*Directions for this task*.
Retype only the lines below from the one with "K.u.K. marine humour" to the one with "Громкая и весёлая", inclusive, skipping every image.

*Information provided*.
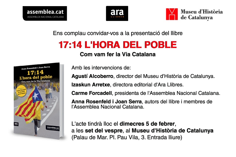 Us convidem a la presentació del llibre de l’ANC: “17:14 L’HORA DEL POBLE. Com vam fer la Via Catalana”.
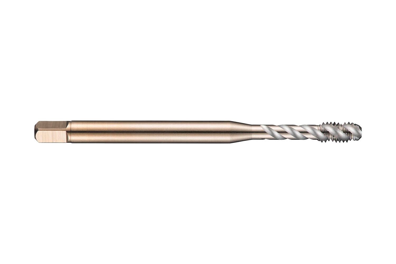 I overensstemmelse med DIN 376-standarden. Fremstillet af koboltbaseret pulverlakeret stål (HSS-E-PM) med blank overflade og 45° spiral til 2,5xD til bundhuller i konstruktionsstål og kulstofstål og rent aluminium, magnesium eller aluminiumslegering, Si>10% aluminium.
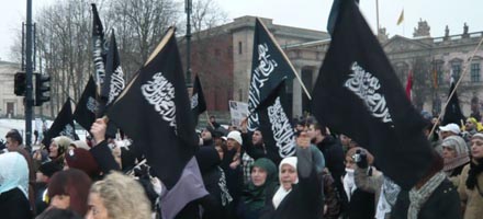 Fahnen der terroristischen Hizb ut-Tahrir in Berlin, 10.1.2009.
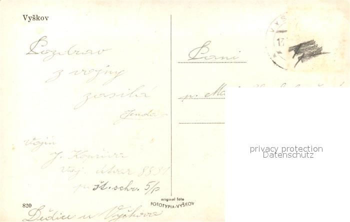old postcard Vyskov postalisch gelaufen Erhaltung siehe scans [LiesaD40]
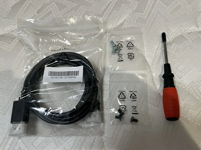 ▼スタンド&ベース取り付け用のビス&ドライバー、およびHDMIケーブルも付属。
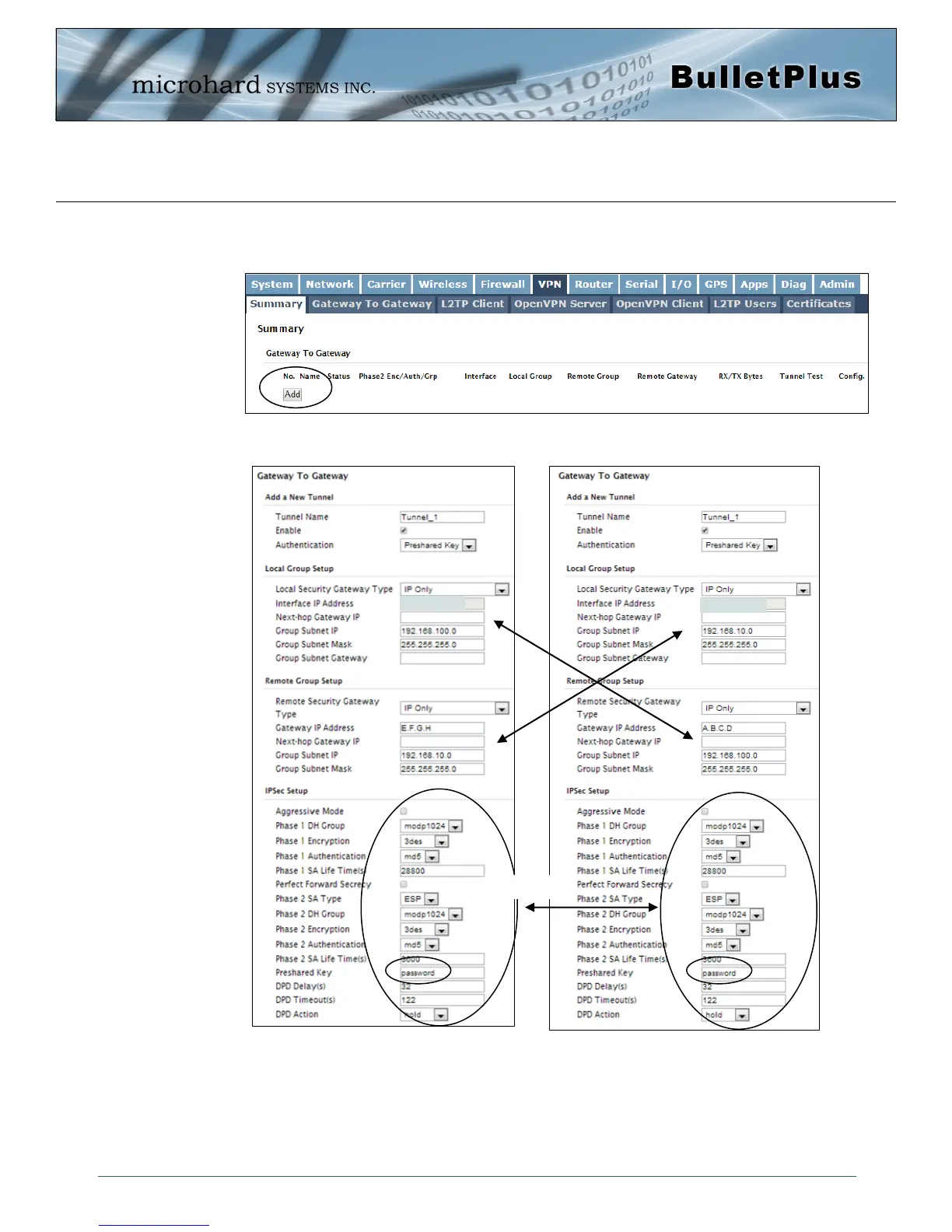 Add a VPN Gateway to Gateway tunnel on each BulletPlus.
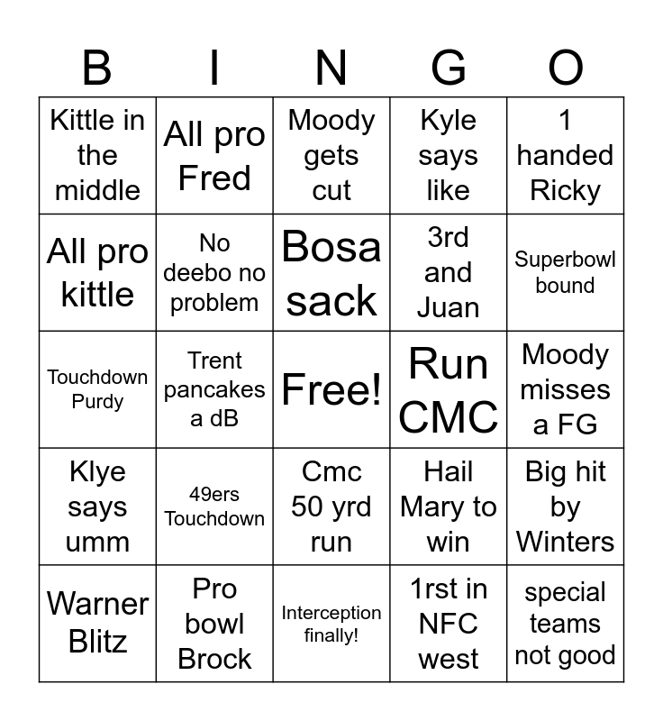 This bingo card has a free space and 24 words: 49ers Touchdown, Pro bowl Brock, Bosa sack, Warner Blitz, 1 handed Ricky, Kittle in the middle, All pro kittle, All pro Fred, Run CMC, Cmc 50 yrd run, 3rd and Juan, Touchdown Purdy, Hail Mary to win, Big hit by Winters, No deebo no problem, 1rst in NFC west, Moody misses a FG, Moody gets cut, Superbowl bound, Trent pancakes a dB, special teams not good, Klye says umm, Kyle says like and Interception finally!.
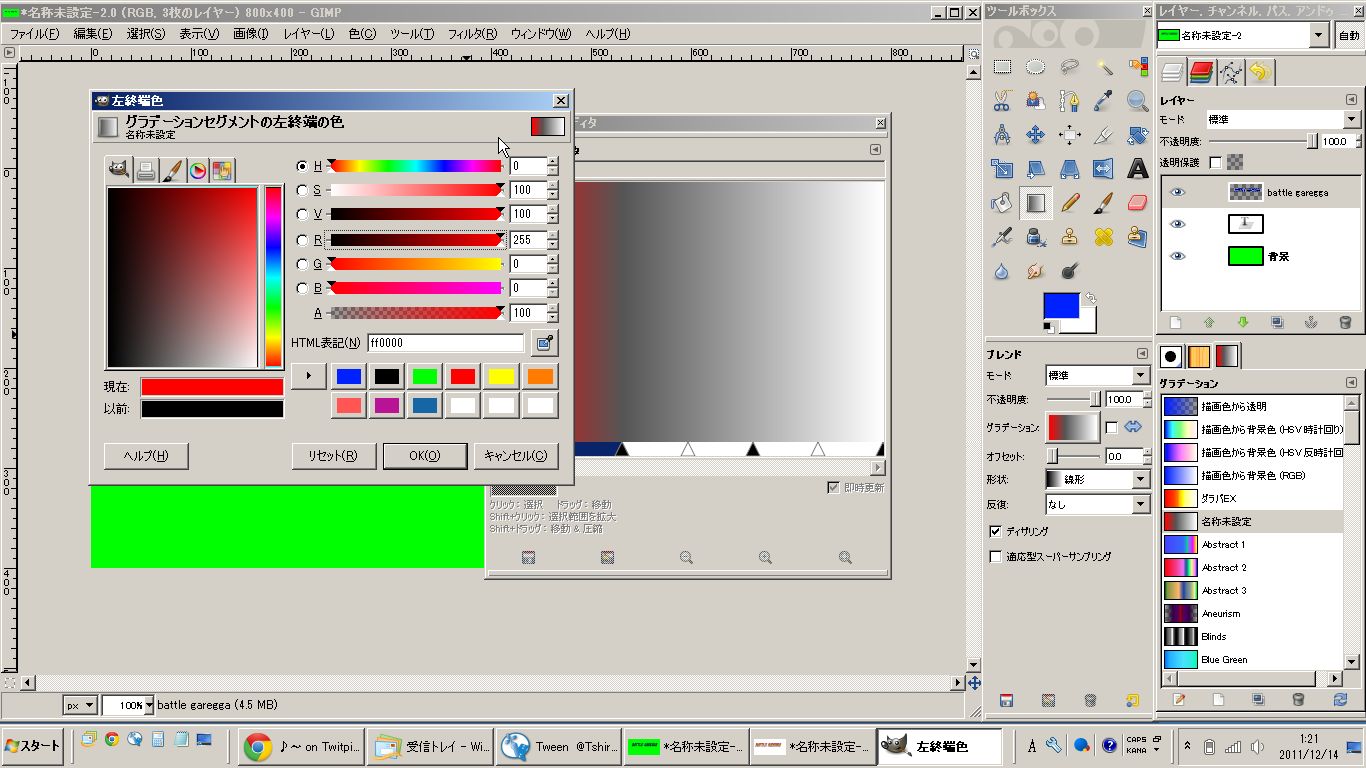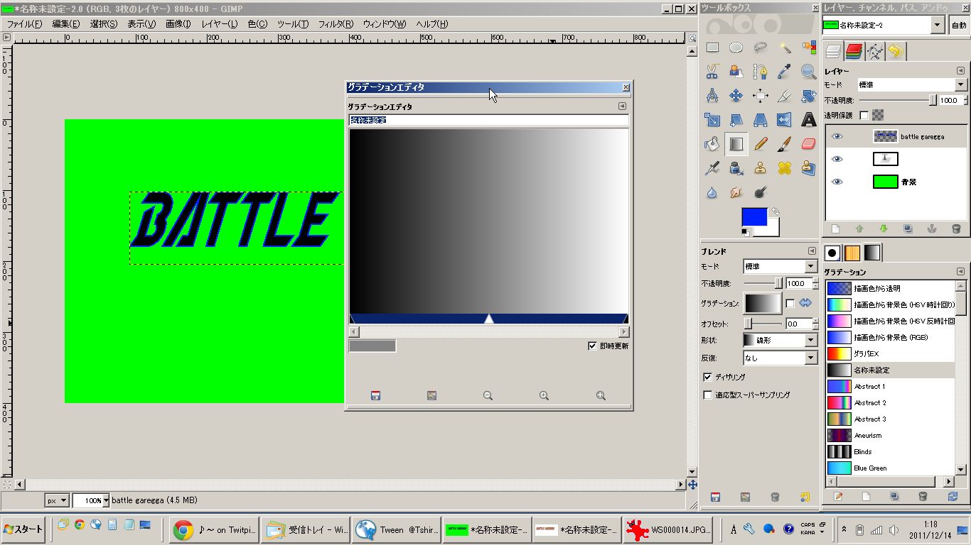 グラデーションが出来たら、ツールボックス右上の色域の選択を押してフォントの黒の部分を
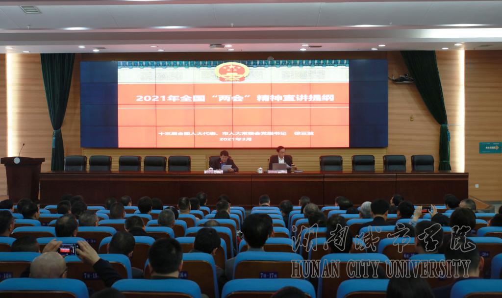 本网讯 2021年3月25日下午,金年金官网在图书馆报告厅举行2021年度党委理论学习中心组(扩大)第三次集体学习。第十三届全国人大代表,益阳市人大常委会党组书记、常务副主任徐云波应邀来校作2021年全国“两会”精神宣讲。全体校领导、全体副处(含)以上干部、党支部书记、学生辅导员参加会议。宣讲会由党委书记罗成翼主持。
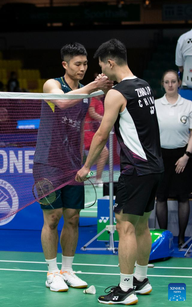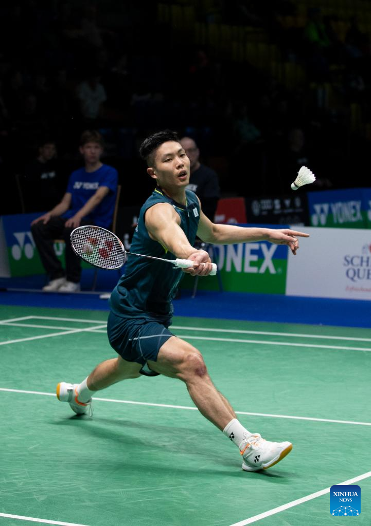 Chou Tien Chen of Chinese Taipei returns the shuttlecock to Zhao Junpeng of China during the men's singles second round match at Yonex German Open 2024 badminton tournament in Muelheim, Germany, Feb. 29, 2024. (Xinhua/Zhang Fan)
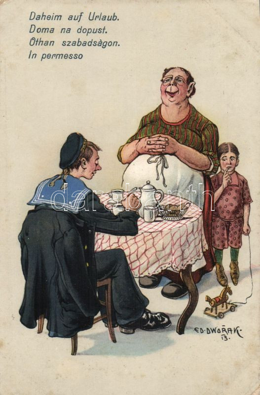 K.u.K. marine humour - days off litho s: Dworak https://www.darabanth.com/hu/140-Gyorsarveres/140.0/Kepeslapok/Hadihajo~40070/KuK-marine-humour--days-off-litho-s-Dworak~II411387
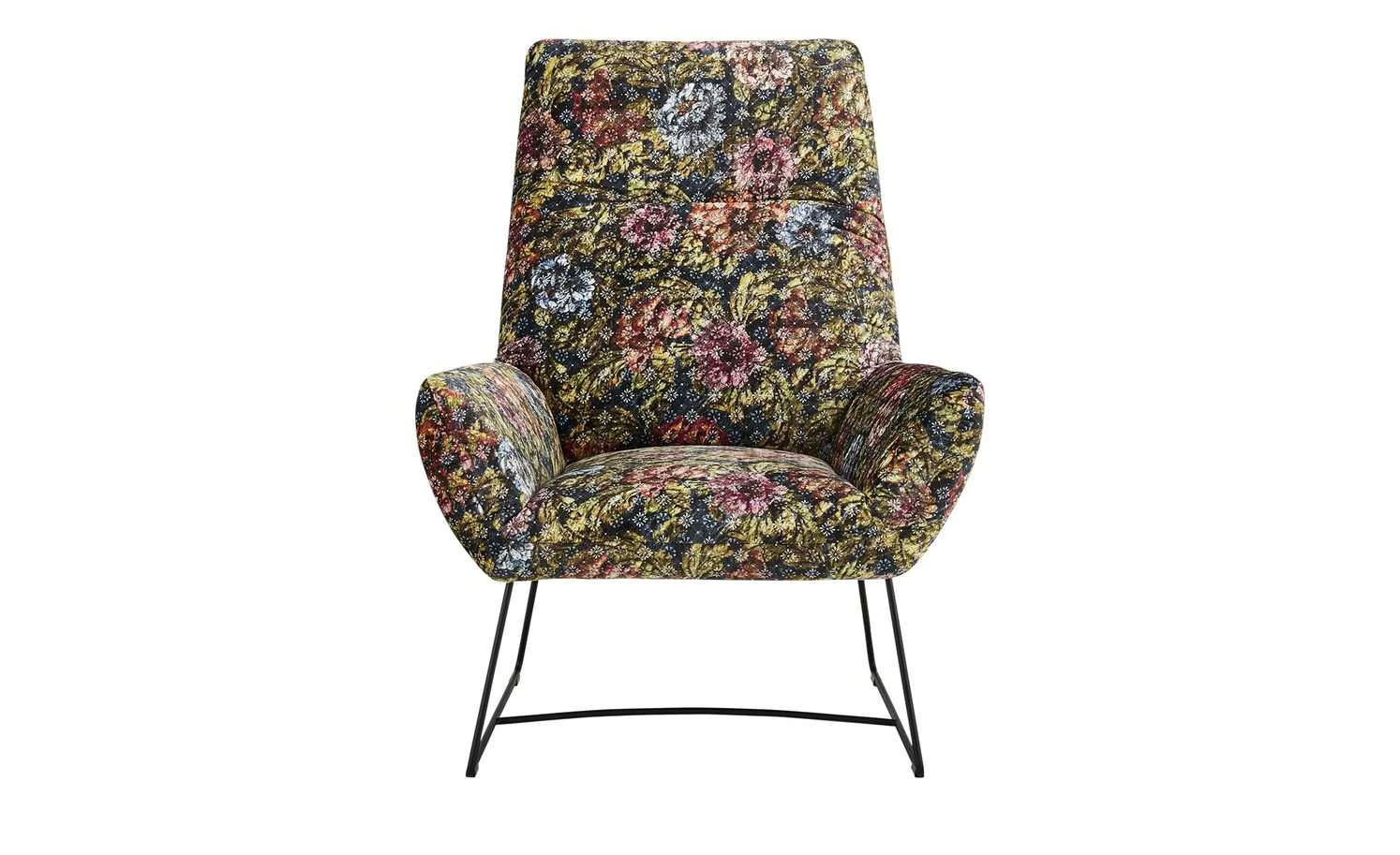 Der Sessel Master ist ein Eyecatcher für das Wohnzimmer. Als auffälliges Einzelstück zu einer sonst eher gedeckten Einrichtung macht er eine gute Figur. Master hat einen weichen Velourbezug mit einem bunten Blumenmuster. Leichte Used-Effekte runden den besonderen Look ab. Master verfügt über eine hohe Rückenlehne, die zum Ankuscheln einlädt. Der gesamte Sessel ist mit komfortablen PUR Schaum gepolstert. Ein Kufengestell aus Metall sorgt für einen optimalen Stand.
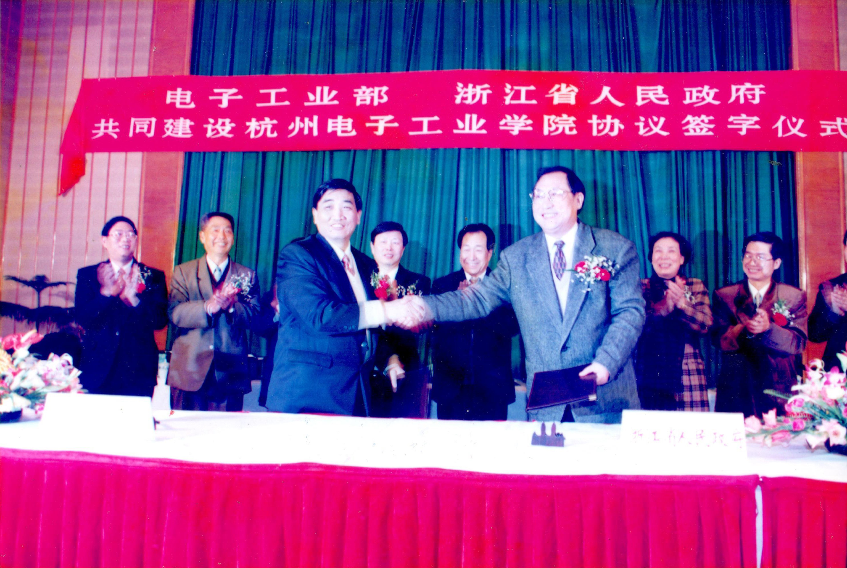 7、1997年12月,电子工业部副部长张文仪、浙江省副省长徐志纯签署共建杭州电子工学院协议
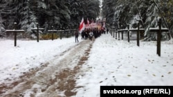11.33 Калёна пачала рухацца. Яе ачольвае былы палітвязень Сяргей Каваленка, які нясе вялікі бел-чырвона-белы сьцяг.
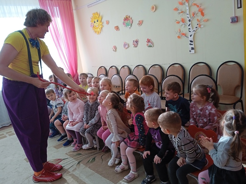Громкая и весёлая музыка встречала детей в нашем зале. Немного ожидания и ребята познакомились с клоуном, который веселил их,жонглировал,показывал разные фокусы. А какие штуки проделывал клоун своими ловкими движениями рук с надувными шарами, превращая их то в собачку, то в меч.
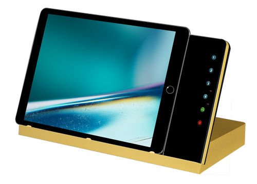 Tabletop Docking Station with charging function for horizontal format insertion of all current Apple iPads with Lightning charging port. Adjustable, sliding Lightning connector, 6-button touch keypad with control interface incorporated into glass panel. Transmission of control commands via IP directly or to a 3rd party control system. PoE+ or 110-240V powered. Anodised Aluminum base gold, black glass bezel.
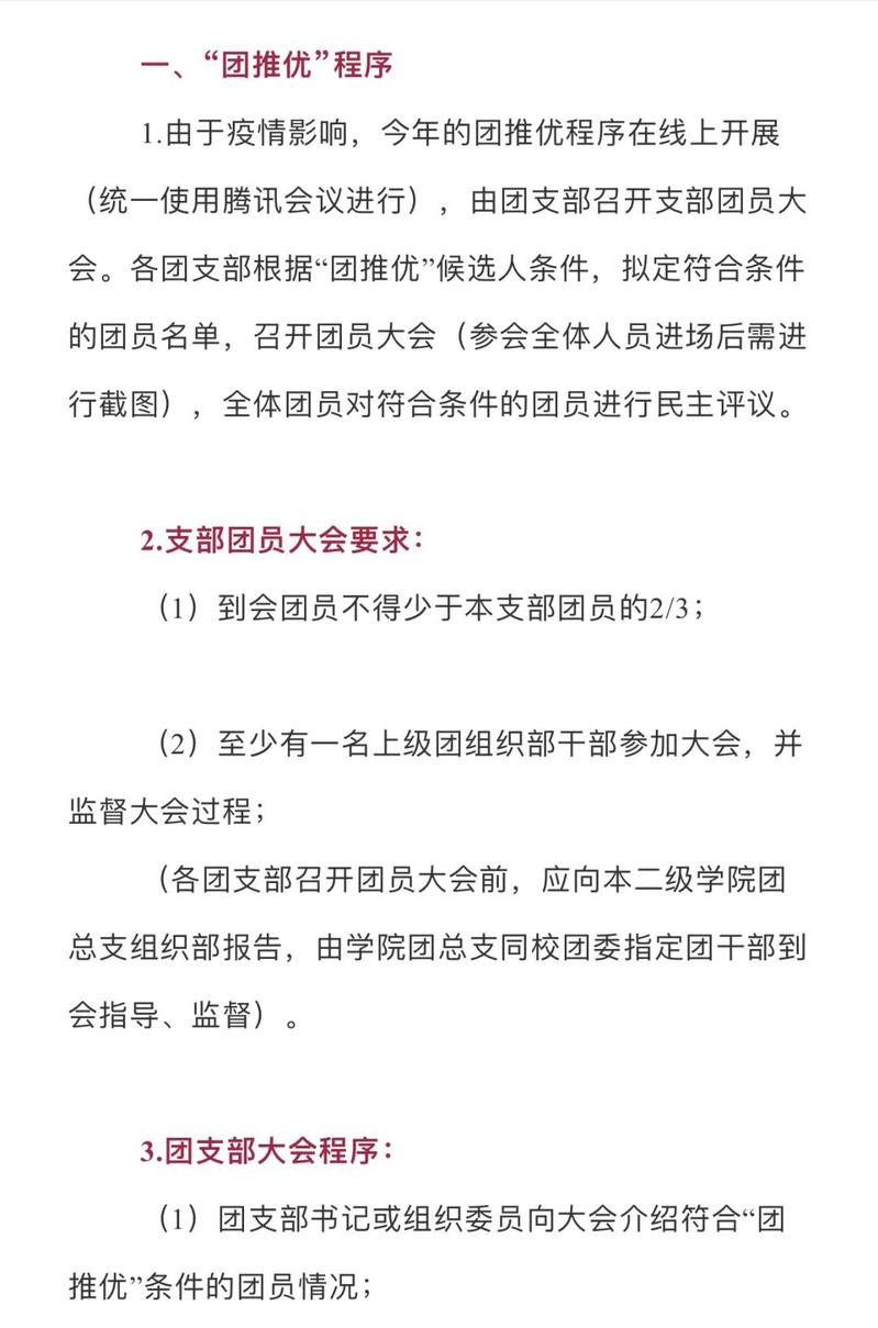為貫徹中央關(guān)于新冠病毒感染的肺炎疫情防控的總體要求,全校師生實行停課不停學(xué)政策。線上發(fā)展中國共產(chǎn)主義青年團是中國共產(chǎn)黨的助手和后備軍,推薦優(yōu)秀團員作為黨的培養(yǎng)對象工作(以下簡稱“團推優(yōu)”),是黨賦予共青團組織的一項光榮任務(wù),也是充分發(fā)揮共青團作為黨的助手和后備軍作用的重要措施。
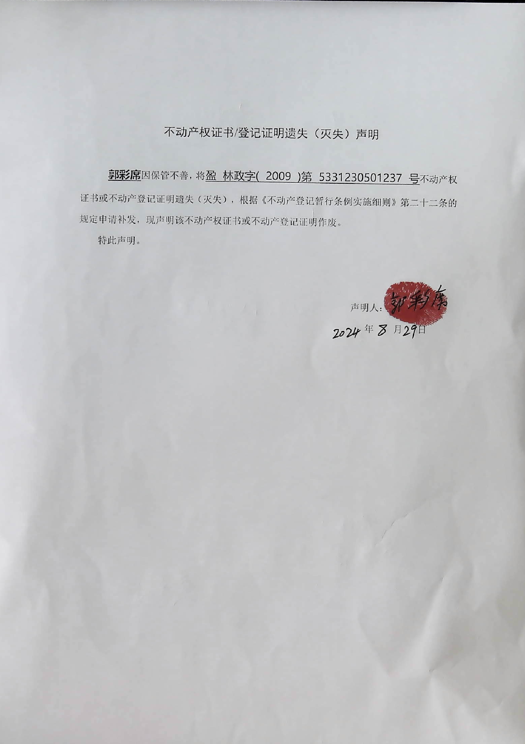 不动产权证书/登记证明遗失(灭失)声明(郭彩席)

*Answer to this exercise*.
 K.u.K. marine humour - days off litho s: Dworak https://www.darabanth.com/hu/140-Gyorsarveres/140.0/Kepeslapok/Hadihajo~40070/KuK-marine-humour--days-off-litho-s-Dworak~II411387
 Der Sessel Master ist ein Eyecatcher für das Wohnzimmer. Als auffälliges Einzelstück zu einer sonst eher gedeckten Einrichtung macht er eine gute Figur. Master hat einen weichen Velourbezug mit einem bunten Blumenmuster. Leichte Used-Effekte runden den besonderen Look ab. Master verfügt über eine hohe Rückenlehne, die zum Ankuscheln einlädt. Der gesamte Sessel ist mit komfortablen PUR Schaum gepolstert. Ein Kufengestell aus Metall sorgt für einen optimalen Stand.
 7、1997年12月,电子工业部副部长张文仪、浙江省副省长徐志纯签署共建杭州电子工学院协议
11.33 Калёна пачала рухацца. Яе ачольвае былы палітвязень Сяргей Каваленка, які нясе вялікі бел-чырвона-белы сьцяг.
Громкая и весёлая музыка встречала детей в нашем зале. Немного ожидания и ребята познакомились с клоуном, который веселил их,жонглировал,показывал разные фокусы. А какие штуки проделывал клоун своими ловкими движениями рук с надувными шарами, превращая их то в собачку, то в меч.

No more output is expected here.